Exercise data
= Beginning of Section =
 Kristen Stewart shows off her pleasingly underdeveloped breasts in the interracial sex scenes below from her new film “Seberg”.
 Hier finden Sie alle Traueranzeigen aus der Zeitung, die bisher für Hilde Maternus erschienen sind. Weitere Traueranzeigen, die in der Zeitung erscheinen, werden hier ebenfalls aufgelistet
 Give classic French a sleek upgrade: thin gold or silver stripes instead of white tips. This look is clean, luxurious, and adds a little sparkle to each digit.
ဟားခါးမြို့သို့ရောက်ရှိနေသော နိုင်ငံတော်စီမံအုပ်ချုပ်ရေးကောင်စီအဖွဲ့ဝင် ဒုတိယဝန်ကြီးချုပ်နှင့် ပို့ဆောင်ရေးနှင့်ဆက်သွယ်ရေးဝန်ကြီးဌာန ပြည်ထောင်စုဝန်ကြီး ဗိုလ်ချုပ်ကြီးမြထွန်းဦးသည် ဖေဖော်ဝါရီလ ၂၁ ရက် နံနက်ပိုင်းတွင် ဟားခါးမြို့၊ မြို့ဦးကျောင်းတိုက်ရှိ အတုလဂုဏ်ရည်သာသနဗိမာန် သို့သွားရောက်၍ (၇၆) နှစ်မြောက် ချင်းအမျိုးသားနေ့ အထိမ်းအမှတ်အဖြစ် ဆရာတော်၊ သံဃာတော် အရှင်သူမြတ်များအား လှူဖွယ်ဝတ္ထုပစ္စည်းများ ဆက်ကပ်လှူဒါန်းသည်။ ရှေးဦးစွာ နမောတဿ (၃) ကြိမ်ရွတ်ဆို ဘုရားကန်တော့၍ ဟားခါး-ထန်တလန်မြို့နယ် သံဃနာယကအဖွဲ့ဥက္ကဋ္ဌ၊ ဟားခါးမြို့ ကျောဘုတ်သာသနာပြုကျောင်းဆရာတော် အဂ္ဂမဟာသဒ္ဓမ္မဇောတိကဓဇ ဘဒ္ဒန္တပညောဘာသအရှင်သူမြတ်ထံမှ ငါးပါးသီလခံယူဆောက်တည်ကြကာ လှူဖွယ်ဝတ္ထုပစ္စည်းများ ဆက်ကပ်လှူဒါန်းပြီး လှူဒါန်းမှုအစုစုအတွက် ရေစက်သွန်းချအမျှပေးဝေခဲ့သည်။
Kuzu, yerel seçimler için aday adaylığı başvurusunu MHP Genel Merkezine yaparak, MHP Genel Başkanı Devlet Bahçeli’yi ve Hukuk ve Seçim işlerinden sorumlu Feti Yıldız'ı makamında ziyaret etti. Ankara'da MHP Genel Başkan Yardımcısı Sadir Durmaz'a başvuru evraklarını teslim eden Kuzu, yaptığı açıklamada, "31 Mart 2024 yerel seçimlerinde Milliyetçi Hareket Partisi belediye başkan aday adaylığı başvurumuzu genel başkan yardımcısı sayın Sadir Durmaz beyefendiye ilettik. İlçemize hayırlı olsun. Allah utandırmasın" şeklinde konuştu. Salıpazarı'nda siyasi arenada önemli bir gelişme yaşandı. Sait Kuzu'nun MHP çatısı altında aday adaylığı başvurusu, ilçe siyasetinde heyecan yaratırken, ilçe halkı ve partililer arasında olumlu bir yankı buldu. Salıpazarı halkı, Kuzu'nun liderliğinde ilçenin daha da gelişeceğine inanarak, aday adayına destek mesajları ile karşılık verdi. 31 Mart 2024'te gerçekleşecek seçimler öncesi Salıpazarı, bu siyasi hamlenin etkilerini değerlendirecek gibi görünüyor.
= End of Section =
= Beginning of Section =
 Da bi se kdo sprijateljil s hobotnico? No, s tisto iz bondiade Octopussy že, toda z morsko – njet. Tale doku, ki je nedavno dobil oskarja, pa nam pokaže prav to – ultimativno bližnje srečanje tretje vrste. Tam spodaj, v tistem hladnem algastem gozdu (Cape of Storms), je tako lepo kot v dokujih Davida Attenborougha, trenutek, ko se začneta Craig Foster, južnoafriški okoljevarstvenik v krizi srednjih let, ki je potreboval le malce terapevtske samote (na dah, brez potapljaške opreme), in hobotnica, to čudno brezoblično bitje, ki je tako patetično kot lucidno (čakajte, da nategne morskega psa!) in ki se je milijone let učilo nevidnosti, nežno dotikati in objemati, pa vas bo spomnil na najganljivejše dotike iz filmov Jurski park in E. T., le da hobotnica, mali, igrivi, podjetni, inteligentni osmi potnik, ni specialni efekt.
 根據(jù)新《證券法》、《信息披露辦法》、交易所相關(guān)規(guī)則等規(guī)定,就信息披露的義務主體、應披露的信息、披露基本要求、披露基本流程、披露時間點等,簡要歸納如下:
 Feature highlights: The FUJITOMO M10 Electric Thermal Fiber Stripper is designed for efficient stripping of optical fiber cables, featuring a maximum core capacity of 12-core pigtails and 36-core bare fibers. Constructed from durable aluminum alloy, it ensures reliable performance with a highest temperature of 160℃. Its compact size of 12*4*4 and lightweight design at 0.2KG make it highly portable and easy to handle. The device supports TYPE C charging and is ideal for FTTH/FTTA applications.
= End of Section =
= Beginning of Section =
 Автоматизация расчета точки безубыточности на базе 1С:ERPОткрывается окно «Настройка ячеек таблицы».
= End of Section =
Instructions for the task
Beginning with the line that has "Kristen Stewart shows" and ending with the line that has "ပြည်ထောင်စုဝန်ကြီး ဗိုလ်ချုပ်ကြီးမြထွန်းဦးသည် ဖေဖော်ဝါရီလ", set down the lines above exactly and include no others.

Exercise solution
 Kristen Stewart shows off her pleasingly underdeveloped breasts in the interracial sex scenes below from her new film “Seberg”.
 Hier finden Sie alle Traueranzeigen aus der Zeitung, die bisher für Hilde Maternus erschienen sind. Weitere Traueranzeigen, die in der Zeitung erscheinen, werden hier ebenfalls aufgelistet
 Give classic French a sleek upgrade: thin gold or silver stripes instead of white tips. This look is clean, luxurious, and adds a little sparkle to each digit.
ဟားခါးမြို့သို့ရောက်ရှိနေသော နိုင်ငံတော်စီမံအုပ်ချုပ်ရေးကောင်စီအဖွဲ့ဝင် ဒုတိယဝန်ကြီးချုပ်နှင့် ပို့ဆောင်ရေးနှင့်ဆက်သွယ်ရေးဝန်ကြီးဌာန ပြည်ထောင်စုဝန်ကြီး ဗိုလ်ချုပ်ကြီးမြထွန်းဦးသည် ဖေဖော်ဝါရီလ ၂၁ ရက် နံနက်ပိုင်းတွင် ဟားခါးမြို့၊ မြို့ဦးကျောင်းတိုက်ရှိ အတုလဂုဏ်ရည်သာသနဗိမာန် သို့သွားရောက်၍ (၇၆) နှစ်မြောက် ချင်းအမျိုးသားနေ့ အထိမ်းအမှတ်အဖြစ် ဆရာတော်၊ သံဃာတော် အရှင်သူမြတ်များအား လှူဖွယ်ဝတ္ထုပစ္စည်းများ ဆက်ကပ်လှူဒါန်းသည်။ ရှေးဦးစွာ နမောတဿ (၃) ကြိမ်ရွတ်ဆို ဘုရားကန်တော့၍ ဟားခါး-ထန်တလန်မြို့နယ် သံဃနာယကအဖွဲ့ဥက္ကဋ္ဌ၊ ဟားခါးမြို့ ကျောဘုတ်သာသနာပြုကျောင်းဆရာတော် အဂ္ဂမဟာသဒ္ဓမ္မဇောတိကဓဇ ဘဒ္ဒန္တပညောဘာသအရှင်သူမြတ်ထံမှ ငါးပါးသီလခံယူဆောက်တည်ကြကာ လှူဖွယ်ဝတ္ထုပစ္စည်းများ ဆက်ကပ်လှူဒါန်းပြီး လှူဒါန်းမှုအစုစုအတွက် ရေစက်သွန်းချအမျှပေးဝေခဲ့သည်။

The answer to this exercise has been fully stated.